When the follow-up symptoms were further subdivided according to the severity of COVID-19, cough (23.1%) and visual blurriness (11.5%) were significantly associated with severe COVID-19 at 6 months while fatigue (56.0%) and insomnia (24.0%) were significantly associated with severe COVID-19 at 8 months (Table 2).
6-month follow-up (n = 53) | 8-month follow-up (n = 52) | |||||
---|---|---|---|---|---|---|
Non-severe (n = 27) | Severe (n = 26) | p value | Non-severe (n = 27) | Severe (n = 25) | p value | |
Any symptoms | 21 (75.0%) | 22 (73.3%) | 0.885 | 12 (42.9%) | 17 (56.7%) | 0.293 |
Fatigue | 16 (59.3%) | 15 (57.7%) | 0.908 | 7 (25.9%) | 14 (56.0%) | 0.027* |
Dizziness | 4 (14.8%) | 1 (3.8%) | 0.158 | 2 (7.4%) | 1 (4.0%) | 0.595 |
Diarrhea | 1 (3.7%) | 2 (7.7%) | 0.527 | 0 (0.0%) | 0 (0.0%) | N/A |
Dyspnea | 6 (22.2%) | 9 (34.6%) | 0.317 | 2 (7.4%) | 5 (20.0%) | 0.179 |
Joint pain | 3 (11.1%) | 4 (15.4%) | 0.646 | 2 (7.4%) | 4 (16.0%) | 0.329 |
Myalgia | 3 (11.1%) | 3 (11.5%) | 0.961 | 0 (0.0%) | 1 (4.0%) | 0.223 |
Depression | 5 (18.5%) | 4 (15.4%) | 0.761 | 0 (0.0%) | 2 (8.0%) | 0.082 |
Cough | 0 (0.0%) | 6 (23.1%) | 0.002* | 0 (0.0%) | 2 (8.0%) | 0.082 |
Headache | 2 (7.4%) | 1 (3.8%) | 0.571 | 0 (0.0%) | 0 (0.0%) | N/A |
Insomnia | 5 (18.5%) | 9 (34.6%) | 0.184 | 1 (3.7%) | 6 (24.0%) | 0.026* |
Anxiety | 2 (7.4%) | 6 (23.1%) | 0.105 | 0 (0.0%) | 0 (0.0%) | N/A |
Rhinitis | 3 (11.1%) | 1 (3.8%) | 0.306 | 0 (0.0%) | 0 (0.0%) | N/A |
Alopecia | 7 (25.9%) | 3 (11.5%) | 0.175 | 2 (7.4%) | 0 (0.0%) | 0.101 |
Poor memory | 11 (40.7%) | 10 (38.5%) | 0.865 | 4 (14.8%) | 4 (16.0%) | 0.906 |
Chest pain | 5 (18.5%) | 6 (23.1%) | 0.682 | 3 (11.1%) | 2 (8.0%) | 0.703 |
Anorexia | 2 (7.4%) | 4 (15.4%) | 0.356 | 1 (3.7%) | 1 (4.0%) | 0.956 |
Sweating | 1 (3.7%) | 0 (0.0%) | 0.242 | 0 (0.0%) | 0 (0.0%) | N/A |
Aggressive | 2 (7.4%) | 2 (7.7%) | 0.969 | 1 (3.7%) | 0 (0.0%) | 0.249 |
Visual blur | 0 (0.0%) | 3 (11.5%) | 0.035* | 0 (0.0%) | 2 (3.8%) | 0.082 |
Table 3 shows the association of post COVID-19 functional status scale (PCFS) at 8-month follow-up with demographic and clinical characteristics of the study population.

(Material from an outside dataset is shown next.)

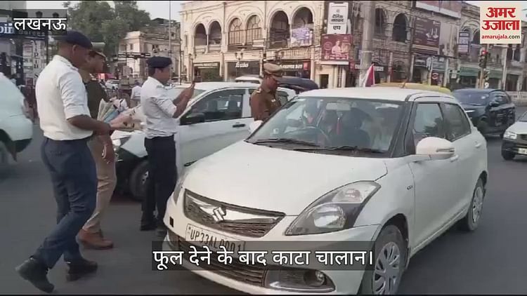 यातायात माह की शुरुआत मंगलवार से हो गई है। हजरतगंज चौराहे पर यातायात नियमों का पालन न करने वालों को पुलिस ने फूल देने के बाद चालान काटा।
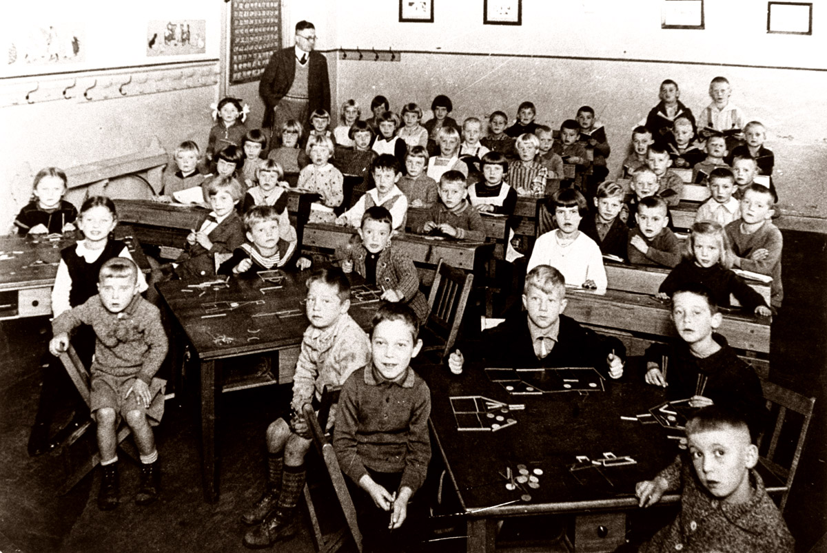 Schulklasse der katholischen Zonser Volksschule mit Lehrer Heinz Riffel um 1930.

There were 23 (44.2%) patients with no post COVID-19 symptoms (PCFS grade 0), 18 (34.6%) patients having post COVID-19 symptoms with negligible functional impairment (PCFS grade 1) and 11 (21.2%) patients had some form of functional limitation (PCFS grade 2-4) even at 8 months. Patients with PCFS grades 2-4 showed significant association with severe COVID-19 diagnosis at admission, higher age, dyspnea, ageusia, diarrhea at admission and post COVID-19 fatigue, dyspnea, joint pain, insomnia, poor memory at 8-month follow-up when compared to patients with PCFS grade 0 and with higher age, increased duration of hospital stay, dyspnea and diarrhea at admission when compared to patients with PCFS grade 1. Post COVID-19 fatigue and poor memory were significantly associated with PCFS grade 1 when compared to PCFS grade 0.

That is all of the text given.